What Is Considered Blind for Disability Benefits?

To qualify as blind for disability purposes in the United States, your vision must be 20/200 or worse in your better eye even with glasses or contacts, or your visual field must be narrowed to 20 degrees or less. This is the federal standard used by Social Security, and it’s what most people mean when they say “legally blind.”

The Two Ways to Meet the Definition

Social Security uses two separate measurements, and you only need to meet one. The first is central visual acuity: if your better eye, with the best possible corrective lens, sees 20/200 or worse, you meet the threshold. A person with 20/200 vision needs to stand 20 feet from something that a person with normal sight could see from 200 feet away. The key detail here is that this measurement is taken with correction. If glasses bring your vision to 20/50, you don’t qualify, even if your uncorrected vision is far worse.

The second measurement is visual field. Even if your central acuity is better than 20/200, you qualify if the widest diameter of your visual field is 20 degrees or less in your better eye. A normal visual field spans roughly 180 degrees horizontally. At 20 degrees, you’re essentially looking through a narrow tunnel, which the law treats as equivalent to 20/200 acuity.

How This Is Tested

Social Security requires a standard eye exam using the Snellen chart (the familiar wall chart with progressively smaller letters) or any comparable testing method. The exam must be performed with your best corrective lens in place. For visual field loss, automated perimetry testing maps the boundaries of your peripheral vision and produces the degree measurements Social Security needs.

For very young children who can’t read a letter chart, the process is different. Children ages 3 to 5 are often tested with alternate methods like the tumbling-E test, where they indicate which direction an “E” shape is pointing. Infants and toddlers who can’t participate in any standard acuity test are evaluated based on whether they can fixate on and follow objects. If both of those behaviors are absent, Social Security looks at anatomical findings, brain imaging, or specialized electrical tests of the retina and visual pathways to determine whether vision is at the 20/200 level or worse.

What Disability Benefits You Can Get

Meeting the statutory blindness definition opens the door to benefits through two Social Security programs: SSDI (Social Security Disability Insurance), which is based on your work history, and SSI (Supplemental Security Income), which is based on financial need. You can potentially qualify for both.

Blind applicants get several advantages that other disability applicants don’t. The most significant is a higher earnings limit. In 2025, most people applying for disability are disqualified if they earn more than $1,620 per month, a threshold called “substantial gainful activity.” For people who are statutorily blind, that limit jumps to $2,700 per month. This means you can work and earn considerably more while still receiving benefits.

There’s another notable exception for SSI specifically: the substantial gainful activity rule doesn’t apply to blind individuals during the initial eligibility determination. This means your current earnings won’t automatically disqualify you from SSI the way they would for someone with a different disability, though income still affects how much you receive.

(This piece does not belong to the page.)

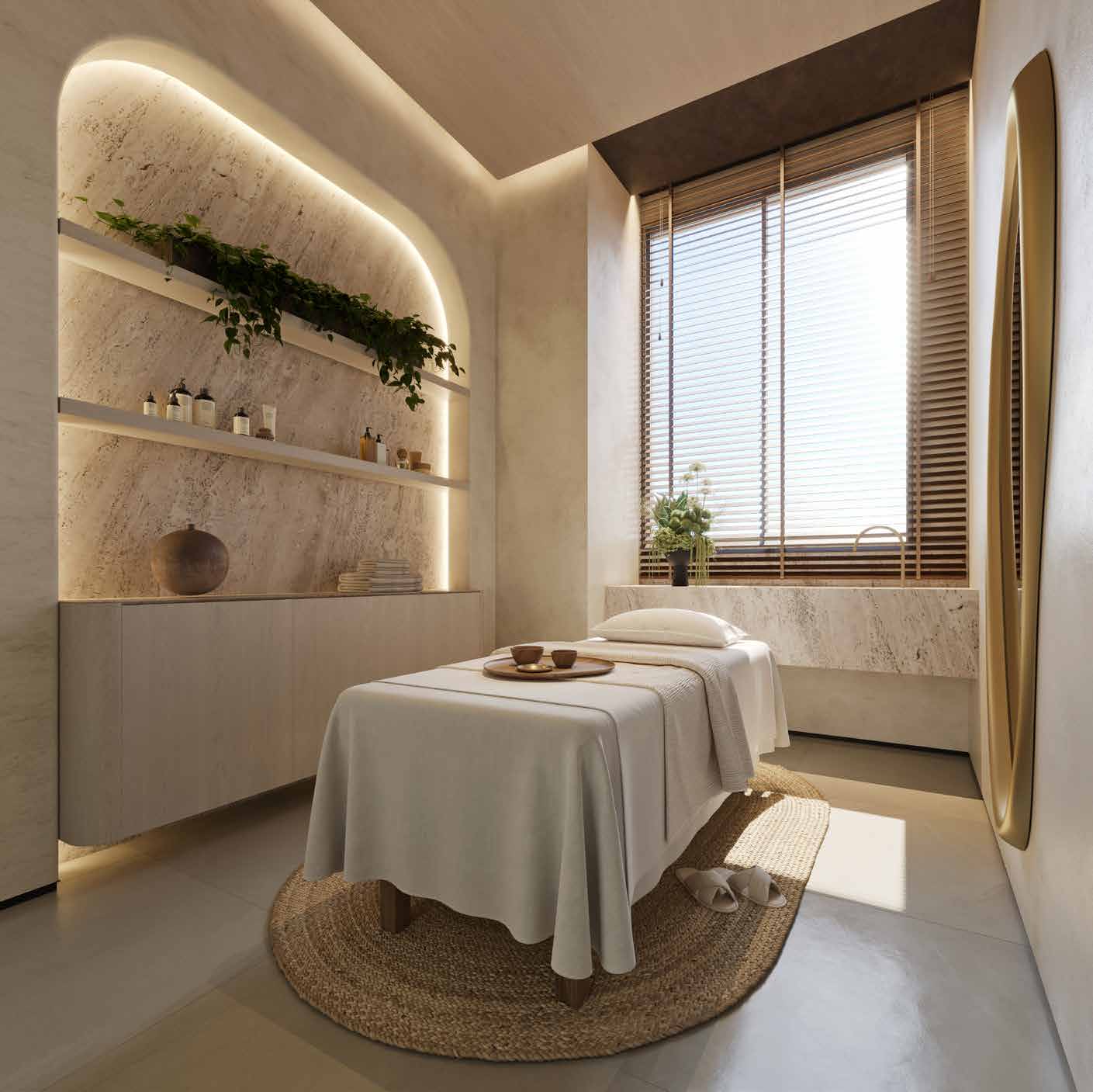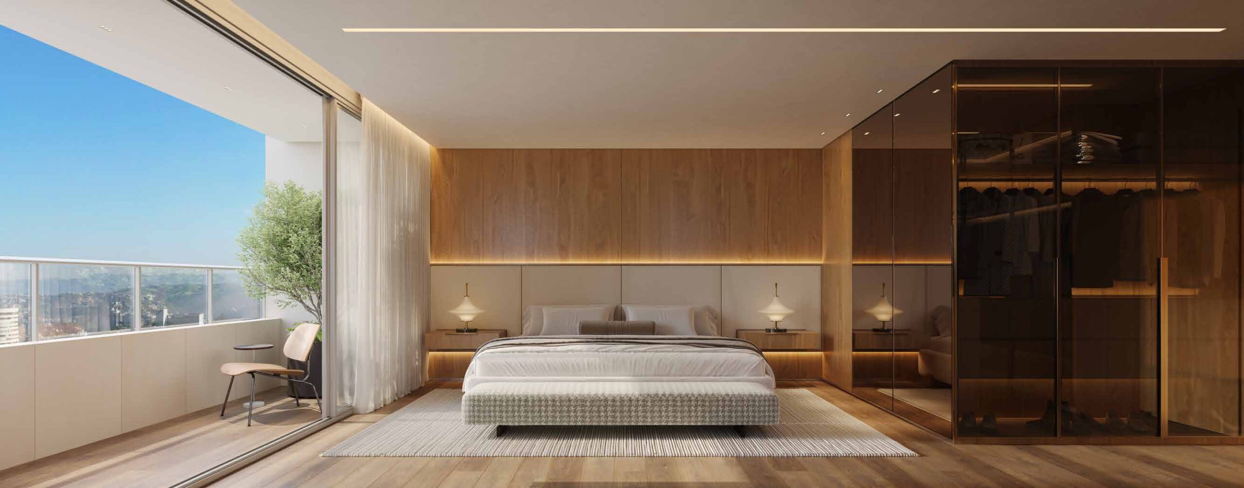 A suíte master conta com closet e acesso direto à varanda, garantindo um refúgio privativo de excelência. Os acabamentos de alto padrão, a iluminação projetada e a integração entre ambientes internos e externos definem o padrão construtivo do Città Sereno — imponente no skyline, sereno no cotidiano.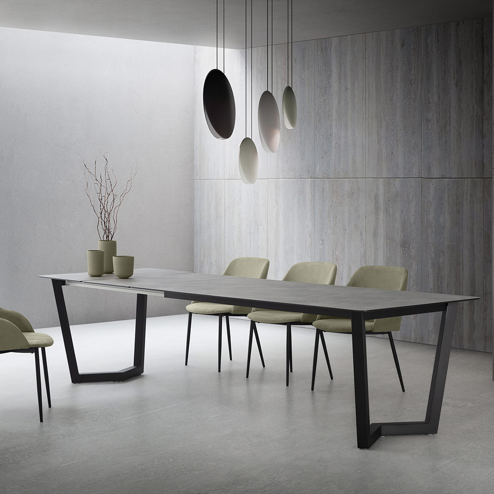 Tavolo da pranzo allungabile fino a 300 cm con struttura in metallo Made in Italy.

Tax Benefits for Blindness

Beyond Social Security, legal blindness qualifies you for an additional standard deduction on your federal income tax return. The IRS allows this extra deduction if you meet the blindness definition on the last day of the tax year. This applies whether you file as an individual or if a spouse on a joint return is blind.

How 20/200 Compares to Everyday Vision

It helps to put these numbers in practical context by looking at driving. Nearly every U.S. state requires at least 20/40 corrected vision to drive without restrictions. States like Wisconsin allow driving with vision as poor as 20/100 in one eye, but that’s the most lenient end of the spectrum. Most states cut off unrestricted driving privileges at 20/40 to 20/60, and some impose daytime-only restrictions for anything below 20/40. At 20/200, you are well past the point where any state would issue an unrestricted license. The gap between the driving threshold and the disability threshold is wide: someone with 20/100 vision can’t drive in most states but still wouldn’t qualify as legally blind.

This means there’s a large middle zone of vision loss that creates real functional limitations without meeting the statutory blindness cutoff. People in that range may still qualify for disability benefits under Social Security’s general disability rules if their vision loss, combined with other factors, prevents them from working. But they wouldn’t receive the specific advantages reserved for statutory blindness.

The “Better Eye” Rule

One detail that surprises many applicants: Social Security measures your better eye, not your worse one. If one eye is completely blind but the other corrects to 20/30, you don’t meet the statutory blindness definition. The logic is that the law is measuring your functional visual capacity, which is determined by whichever eye works best with correction. This applies to both the acuity test and the visual field measurement.

The same standard applies to children. A child’s better eye must test at 20/200 or worse with best correction, or show a visual field of 20 degrees or less, using age-appropriate testing methods. The threshold itself doesn’t change based on age.